Start of Data in this exercise

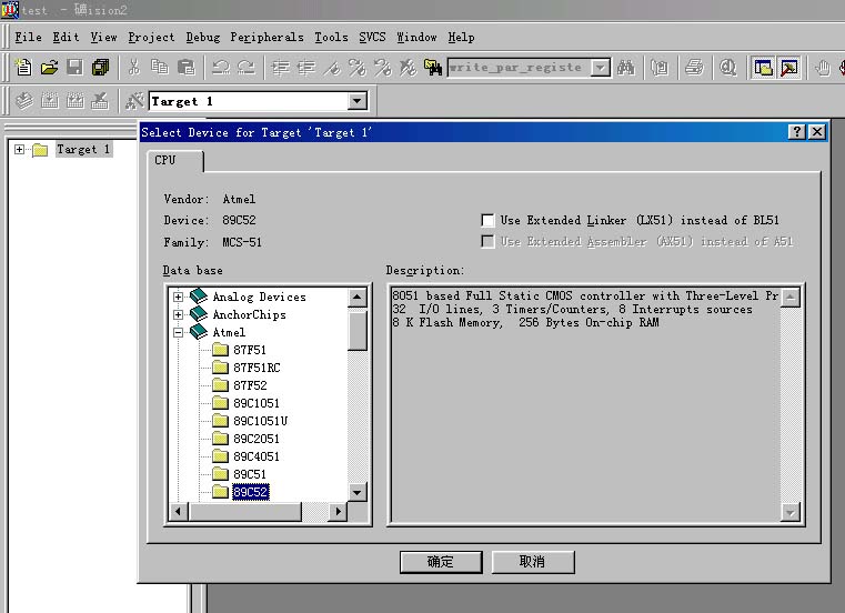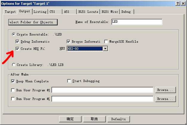 | 选择分类:当前分类——学单片机 相关联或者相类似的文章: 三十分钟一个小时学会单片机(9045) 什么是单片机?单片机有什么用? (8723) 如何用STC板将代码烧录进IC(8681) 怎样安装AT51编程板的USB转串口软件?(8206) 送给单片机爱好者——LED在线编码器(1814) 送给单片机爱好者——LED点阵在线编码器(1544) 单片机系统中的汉字显示(1492) 带语音报数功能的抢答器(1489) 用VB进行串口实时数据采集(1347) 用AT89C2051设计超声波测距仪(1171) 小小电子闹钟 生活学习良伴(1165) DS1820测温原理(1129) 几句代码实现控制摄像头(转)(1117) STC单片机选型指南(1111) 自制PIC单片机编程器(1105) USB转串口芯片CH340(1010) 快速学习单片机之黄金机会!(1010) 告戒购单片机开发实验板初学者(970) 新款实用旋转LED显示屏A(890) 使用市售 USB转RS232串口与PLC通信的测试报告 (881) 首页 前页 后页 尾页 本站推荐: | 如何用KeilC51将ASM文件编译成Hex文件! 可在本站下载KeilC演示视频教程或按如下步骤进行: 1)点击菜单project,选择new project: ![]() 2)然后选择你要保存的路径,输入工程文件的名字,比如保存到keil目录里,工程文件的名字为test. 如下图所示,然后点击保存. ![]() 3)这时会弹出一个对话框,要求你选择单片机的型号,你可以根据你使用的单片机来选择,keil c51几乎支持所有的51核的单片机,如果你设计的是华邦的W77E58,可以选择winbond->W77E58,但是有一些版本,比如6.02,对它不能仿真,但是可以选择dallas的ds80c320来代替设计W77E58,两者的内核是一样的,只是w77e58带flash rom,而ds80c320没有flash rom,如果你的软件在仿真W77e58的时候有问题,那么就选用ds80c320 .我这里还是以大家用的比较多的Atmel 的89c52来说明,如图所示,选择89c52之后,右边一栏是对这个单片机的基本的说明,然后点击确定. ![]() 4)这时要新建一个源程序文件,建立一个汇编或c文件,如果你已经有源程序文件,可以忽略这一步.点击菜单File->New: ![]() 5)输入一个简单的程序,如下: ![]() 5)选择菜单File_>SAVE: ![]() 6)选择你要保存的路径,在文件名里输入文件名,注意一定要输入扩展名,如果是c程序文件,扩展名为.c,如果是汇编文件,扩展名为.a51,如果是ini文件,扩展名为.ini,其他文件类型,比如注解说明文件,可以保存为.txt的扩展名.那么我们这里是要存储一个c源程序文件,所以输入.c扩展名,保存为test.c的名字,(也可以保存为其他名字,比如learn.c等),点击保存. ![]() 7)点击Target 1前面的+号,展开里面的内容source Group1: ![]() 8)用右键点击Sourece Group 1(注意用鼠标的右键,而不是左键),将弹出一个菜单,选择Add Files to Guoup"Source Group 1". ![]() 9)选择刚才的文件test.c, ![]() 文件类型选择C Source file(*.c).因为我们的是c程序文件,所以选择该类型,如果是汇编文件,就选择asm source file.如果是目标文件,选择Object file,如果是库文件,选择Library file.最后点击Add.点击add之后,窗口不会消失,(如果要添加多个文件,可以不断添加),添加完毕此时再点击Close关闭该窗口. ![]() 10)这时在source group 1 里就有test.c文件,如图: ![]() 11)用鼠标右键(注意用右键)点击左边的Target 1,会出现一个菜单,选择Options for Target "Target 1",会出现一个选项,如下图,选中“Create Hex File",红色箭头所示! ![]() 12)在test.c上点击鼠标右键,在出现的下拉菜单中选择“build target”,看状态栏,若是:"test" - 0 Error(s), 0 Warning(s).”,恭喜你成功了,看看你的文件夹吧,是否多了个test.hex。还不赶快烧入芯片试试! 1、 本站不保证以上观点正确,就算是本站原创作品,本站也不保证内容正确。 2、如果您拥有本文版权,并且不想在本站转载,请书面通知本站立即删除并且向您公开道歉! |
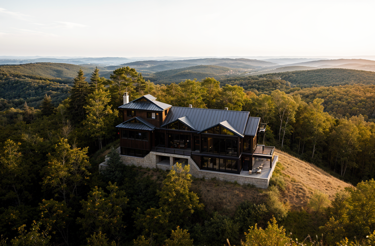 barndominium exterior shot house on a big mountain in mont tremblant sunny morning close to noon terrain goes up to main level on the right side black metal roof black windows and dark wooden finishes architecture
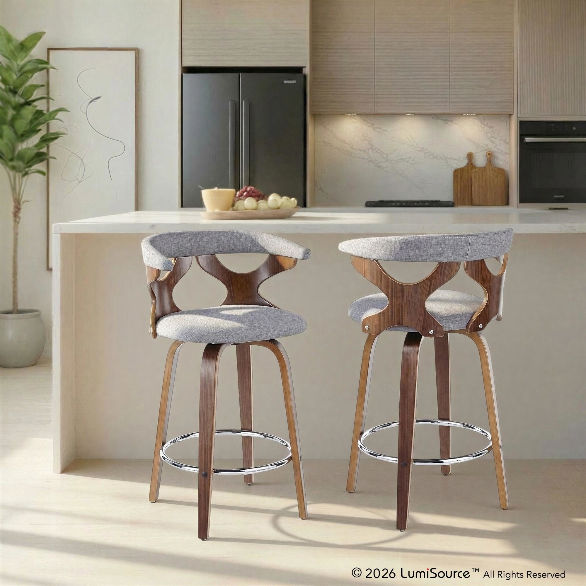 | Color: | Walnut Wood,Light Grey Fabric,Chrome |
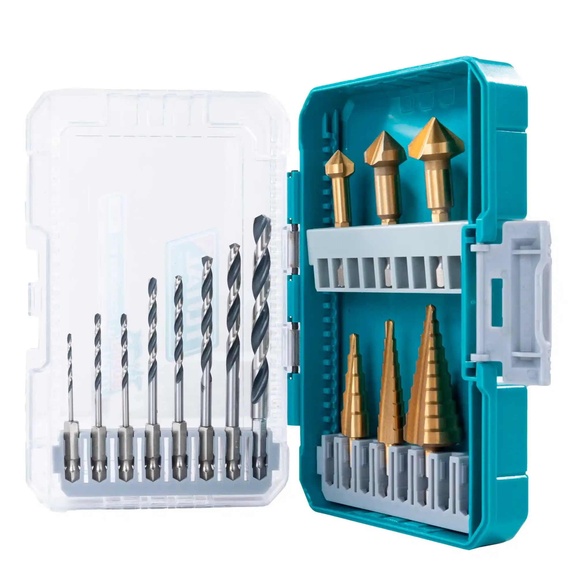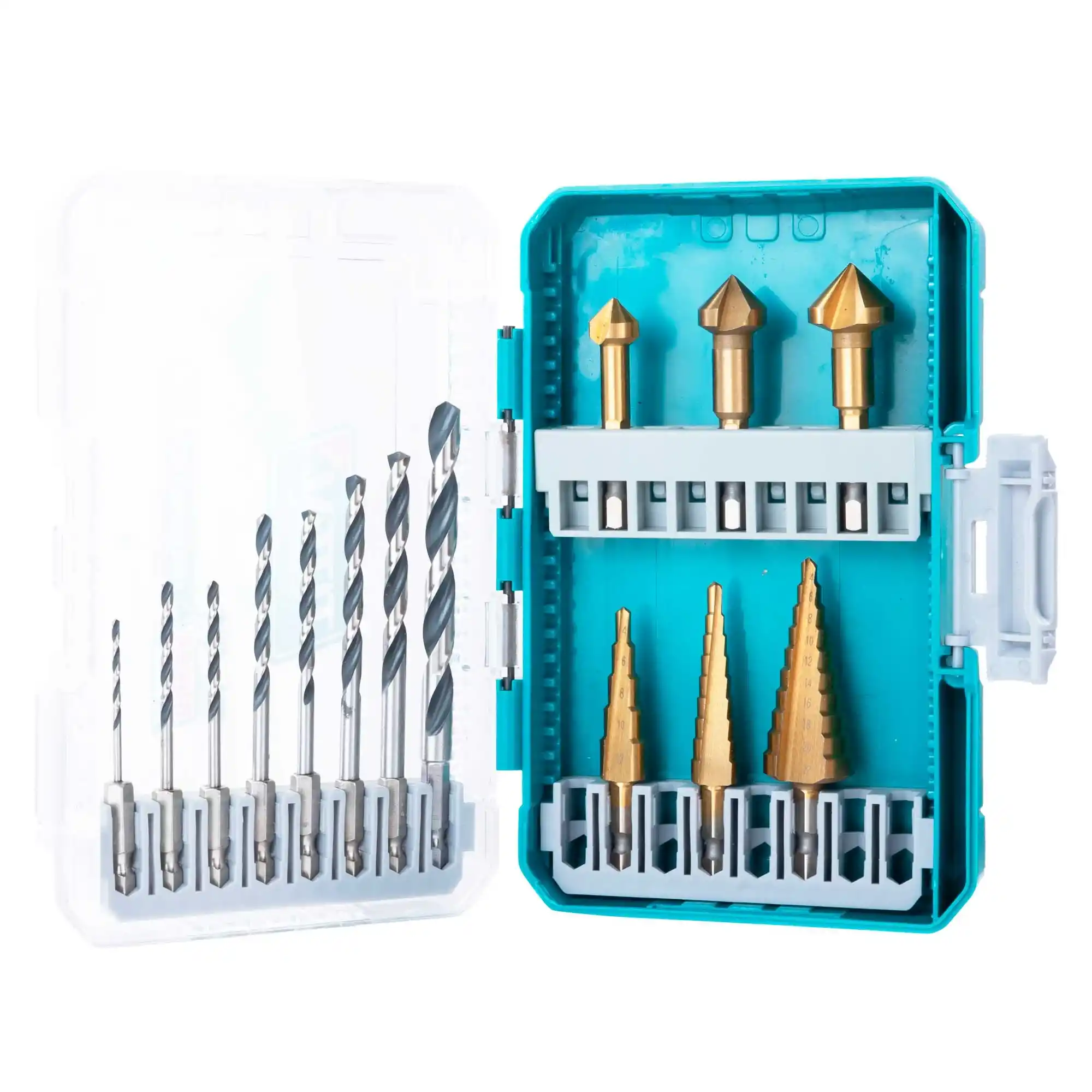 3 adet kademeli matkap ucu: 4-12mm 5 kademeli 4-12mm 9 kademeli 4-22mm 10 kademeli
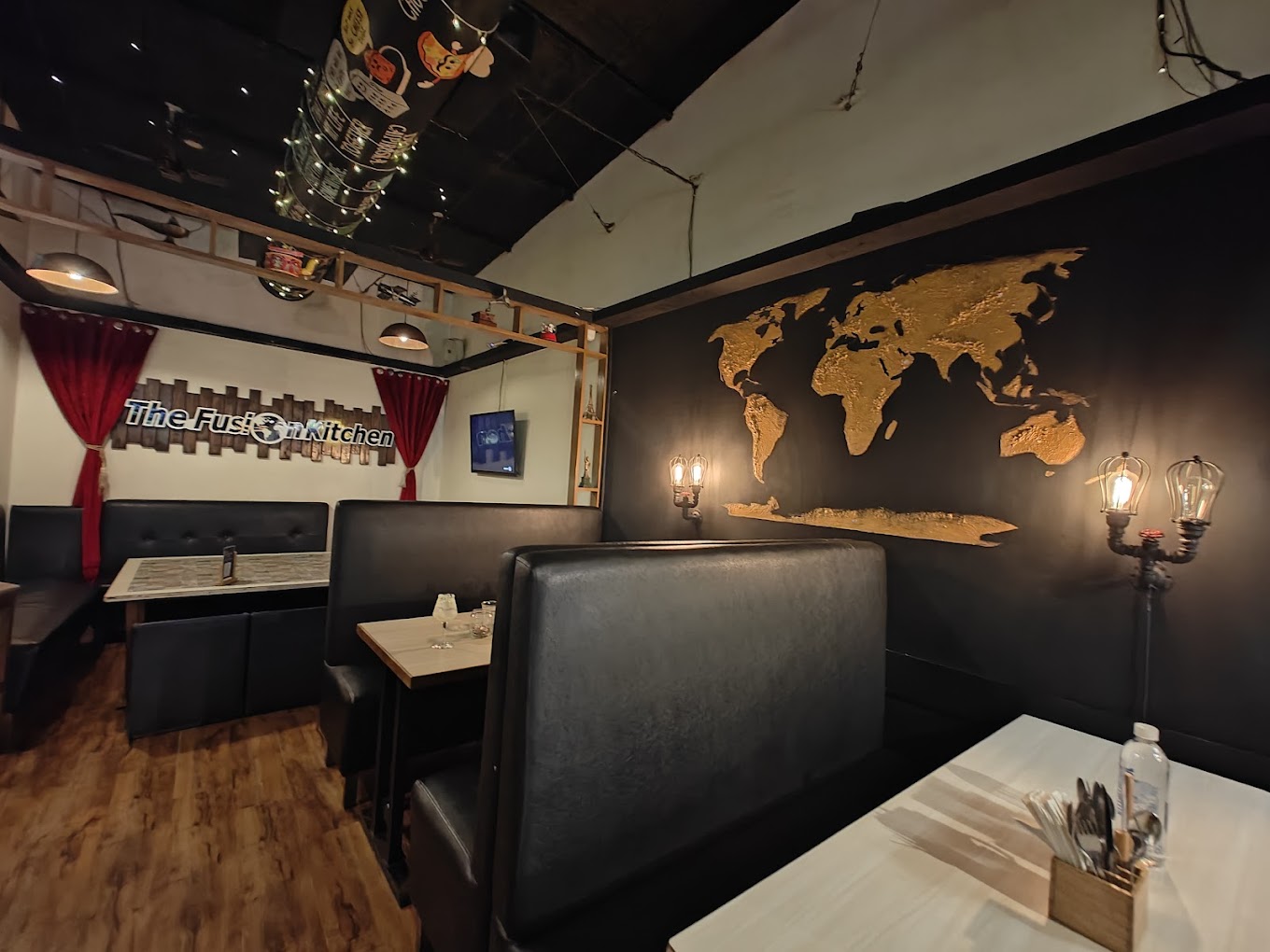 The ambience at The Fusion Kitchen is a blend of modern design and comfort. The seating is cozy and the lighting gives the place a warm, welcoming glow, making it perfect for both casual and semi-formal dining. The interiors have a stylish, contemporary look, with a mix of sleek furniture and artistic touches that make the space feel fresh and vibrant.
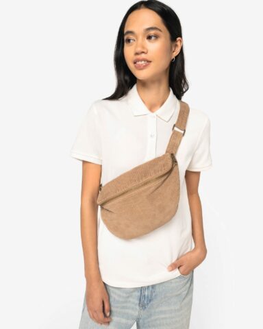 100% organic cotton. Corduroy fabric. Washed effect look. Bum bag with adjustable handle in the main material and tightening buckle in recycled metal. Zip opening made of reinforced metal. Garment dyed as a whole after assembly: colours may vary slightly between products. This product is likely to rub off in contact with light surfaces or garments.
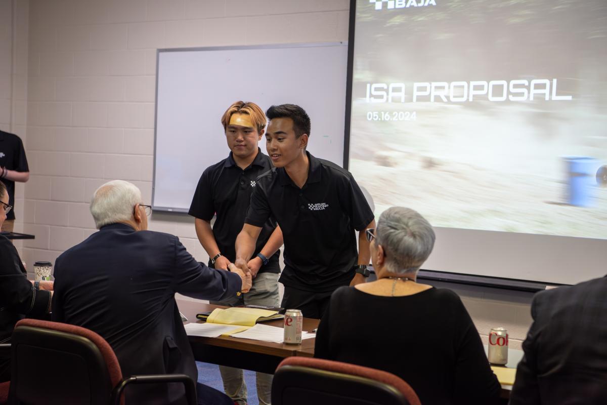 Nearby, at Penn College's Schneebeli Earth Science Center, business presentation finals were held for teams engaging in that portion of the SAE competition. The student teams acted as nonprofit groups vying for the opportunity to provide utility task vehicles to government and private utility companies to support their ability to prevent future fires and derailments and for emergency response. Judges for the business presentations were: Sen. Gene Yaw, chair of Penn College's Board of Directors; Davie Jane Gilmour, president emerita of the college; Summer Bukeavich, associate professor of business administration/management & marketing at Penn College; Shannon Massey, senior vice president and general manager, Lycoming Engines; and Michael Marr, director of government relations & compliance, Encina.
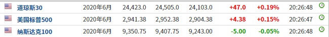 科技股方面,苹果(AAPL.US)盘前涨0.01%,亚马逊(AMZN.US)盘前涨0.07%,Facebook(FB.US)盘前跌0.08%,奈飞(NFLX.US)盘前涨0.17%,微软(MSFT.US)盘前跌0.23%。
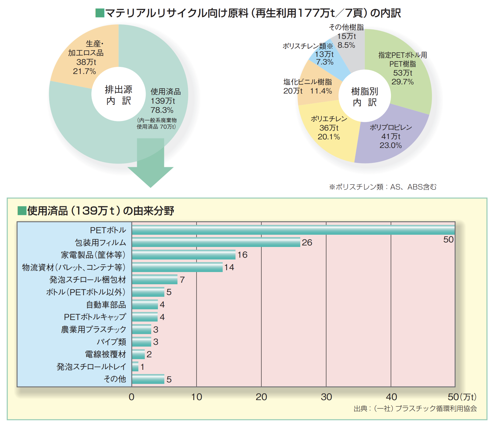 プラスチック廃棄物の内、マテリアルリサイクルに使用される使用済品の由来内訳(2021年実績)(引用) |
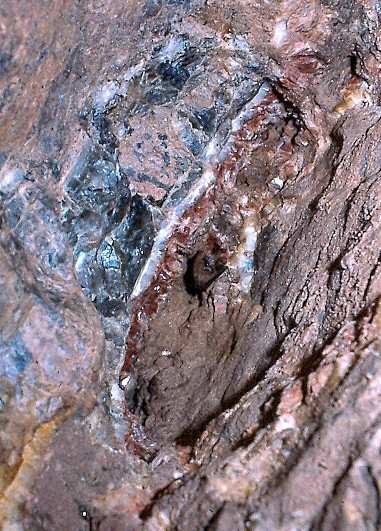 Je suis parti et suis allé gratter aux travaux intermédiaires (galerie Faraut). dommage, à l'entrée de la galerie il y avait des filonnets de calcite centimétriques avec orpiment, recouverts d'oursins de picropharmacolite, que j'avais repéré lors de la précédente visite, et à qui je réservais mes efforts à venir.
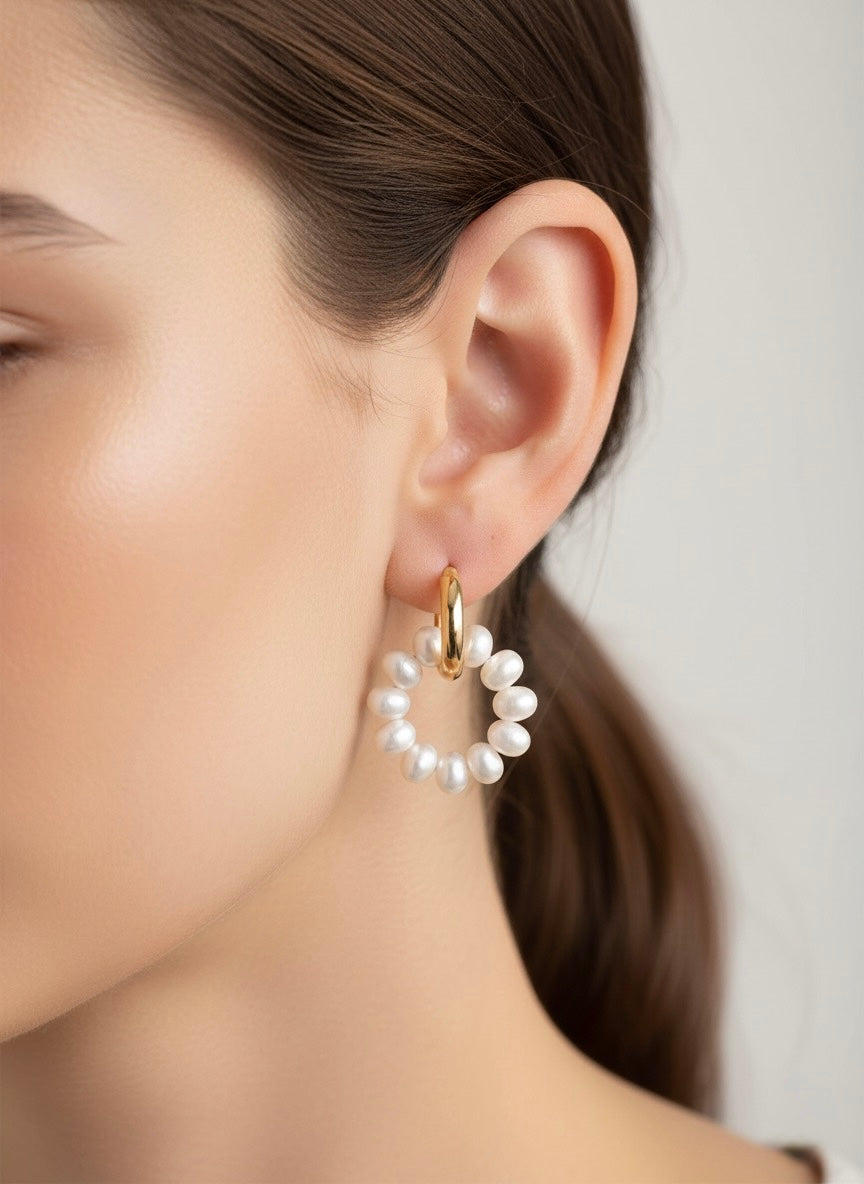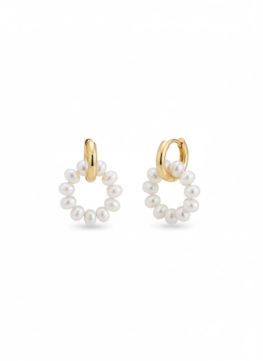 Elegantiški auskarai su paauksuota rinkute iš nerūdijančio plieno, papuošti subtiliais gėlavandenių perlų akcentais. Išskirtinis ir prabangus dizainas, kuris prideda rafinuotumo bet kokiai aprangai. Auskarai sukurti Ugnės Pumputės.
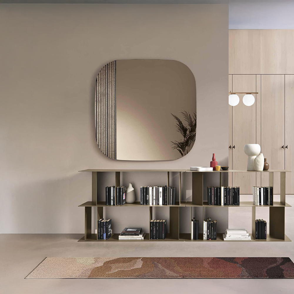 Lo specchio Eris presenta una forma quadrata che ne definisce il profilo con linee morbide e ricercate.

End of Data in this exercise

[Task requirements]
Could the data above be copied out exactly, with no pictures kept?

[Task response]
 | 选择分类:当前分类——学单片机 相关联或者相类似的文章: 三十分钟一个小时学会单片机(9045) 什么是单片机?单片机有什么用? (8723) 如何用STC板将代码烧录进IC(8681) 怎样安装AT51编程板的USB转串口软件?(8206) 送给单片机爱好者——LED在线编码器(1814) 送给单片机爱好者——LED点阵在线编码器(1544) 单片机系统中的汉字显示(1492) 带语音报数功能的抢答器(1489) 用VB进行串口实时数据采集(1347) 用AT89C2051设计超声波测距仪(1171) 小小电子闹钟 生活学习良伴(1165) DS1820测温原理(1129) 几句代码实现控制摄像头(转)(1117) STC单片机选型指南(1111) 自制PIC单片机编程器(1105) USB转串口芯片CH340(1010) 快速学习单片机之黄金机会!(1010) 告戒购单片机开发实验板初学者(970) 新款实用旋转LED显示屏A(890) 使用市售 USB转RS232串口与PLC通信的测试报告 (881) 首页 前页 后页 尾页 本站推荐: | 如何用KeilC51将ASM文件编译成Hex文件! 可在本站下载KeilC演示视频教程或按如下步骤进行: 1)点击菜单project,选择new project: ![]() 2)然后选择你要保存的路径,输入工程文件的名字,比如保存到keil目录里,工程文件的名字为test. 如下图所示,然后点击保存. ![]() 3)这时会弹出一个对话框,要求你选择单片机的型号,你可以根据你使用的单片机来选择,keil c51几乎支持所有的51核的单片机,如果你设计的是华邦的W77E58,可以选择winbond->W77E58,但是有一些版本,比如6.02,对它不能仿真,但是可以选择dallas的ds80c320来代替设计W77E58,两者的内核是一样的,只是w77e58带flash rom,而ds80c320没有flash rom,如果你的软件在仿真W77e58的时候有问题,那么就选用ds80c320 .我这里还是以大家用的比较多的Atmel 的89c52来说明,如图所示,选择89c52之后,右边一栏是对这个单片机的基本的说明,然后点击确定. ![]() 4)这时要新建一个源程序文件,建立一个汇编或c文件,如果你已经有源程序文件,可以忽略这一步.点击菜单File->New: ![]() 5)输入一个简单的程序,如下: ![]() 5)选择菜单File_>SAVE: ![]() 6)选择你要保存的路径,在文件名里输入文件名,注意一定要输入扩展名,如果是c程序文件,扩展名为.c,如果是汇编文件,扩展名为.a51,如果是ini文件,扩展名为.ini,其他文件类型,比如注解说明文件,可以保存为.txt的扩展名.那么我们这里是要存储一个c源程序文件,所以输入.c扩展名,保存为test.c的名字,(也可以保存为其他名字,比如learn.c等),点击保存. ![]() 7)点击Target 1前面的+号,展开里面的内容source Group1: ![]() 8)用右键点击Sourece Group 1(注意用鼠标的右键,而不是左键),将弹出一个菜单,选择Add Files to Guoup"Source Group 1". ![]() 9)选择刚才的文件test.c, ![]() 文件类型选择C Source file(*.c).因为我们的是c程序文件,所以选择该类型,如果是汇编文件,就选择asm source file.如果是目标文件,选择Object file,如果是库文件,选择Library file.最后点击Add.点击add之后,窗口不会消失,(如果要添加多个文件,可以不断添加),添加完毕此时再点击Close关闭该窗口. ![]() 10)这时在source group 1 里就有test.c文件,如图: ![]() 11)用鼠标右键(注意用右键)点击左边的Target 1,会出现一个菜单,选择Options for Target "Target 1",会出现一个选项,如下图,选中“Create Hex File",红色箭头所示! ![]() 12)在test.c上点击鼠标右键,在出现的下拉菜单中选择“build target”,看状态栏,若是:"test" - 0 Error(s), 0 Warning(s).”,恭喜你成功了,看看你的文件夹吧,是否多了个test.hex。还不赶快烧入芯片试试! 1、 本站不保证以上观点正确,就算是本站原创作品,本站也不保证内容正确。 2、如果您拥有本文版权,并且不想在本站转载,请书面通知本站立即删除并且向您公开道歉! |
 barndominium exterior shot house on a big mountain in mont tremblant sunny morning close to noon terrain goes up to main level on the right side black metal roof black windows and dark wooden finishes architecture
 | Color: | Walnut Wood,Light Grey Fabric,Chrome |
 3 adet kademeli matkap ucu: 4-12mm 5 kademeli 4-12mm 9 kademeli 4-22mm 10 kademeli
 The ambience at The Fusion Kitchen is a blend of modern design and comfort. The seating is cozy and the lighting gives the place a warm, welcoming glow, making it perfect for both casual and semi-formal dining. The interiors have a stylish, contemporary look, with a mix of sleek furniture and artistic touches that make the space feel fresh and vibrant.
 100% organic cotton. Corduroy fabric. Washed effect look. Bum bag with adjustable handle in the main material and tightening buckle in recycled metal. Zip opening made of reinforced metal. Garment dyed as a whole after assembly: colours may vary slightly between products. This product is likely to rub off in contact with light surfaces or garments.
 Nearby, at Penn College's Schneebeli Earth Science Center, business presentation finals were held for teams engaging in that portion of the SAE competition. The student teams acted as nonprofit groups vying for the opportunity to provide utility task vehicles to government and private utility companies to support their ability to prevent future fires and derailments and for emergency response. Judges for the business presentations were: Sen. Gene Yaw, chair of Penn College's Board of Directors; Davie Jane Gilmour, president emerita of the college; Summer Bukeavich, associate professor of business administration/management & marketing at Penn College; Shannon Massey, senior vice president and general manager, Lycoming Engines; and Michael Marr, director of government relations & compliance, Encina.
 科技股方面,苹果(AAPL.US)盘前涨0.01%,亚马逊(AMZN.US)盘前涨0.07%,Facebook(FB.US)盘前跌0.08%,奈飞(NFLX.US)盘前涨0.17%,微软(MSFT.US)盘前跌0.23%。
 プラスチック廃棄物の内、マテリアルリサイクルに使用される使用済品の由来内訳(2021年実績)(引用) |
 Je suis parti et suis allé gratter aux travaux intermédiaires (galerie Faraut). dommage, à l'entrée de la galerie il y avait des filonnets de calcite centimétriques avec orpiment, recouverts d'oursins de picropharmacolite, que j'avais repéré lors de la précédente visite, et à qui je réservais mes efforts à venir.
 Elegantiški auskarai su paauksuota rinkute iš nerūdijančio plieno, papuošti subtiliais gėlavandenių perlų akcentais. Išskirtinis ir prabangus dizainas, kuris prideda rafinuotumo bet kokiai aprangai. Auskarai sukurti Ugnės Pumputės.
 Lo specchio Eris presenta una forma quadrata che ne definisce il profilo con linee morbide e ricercate.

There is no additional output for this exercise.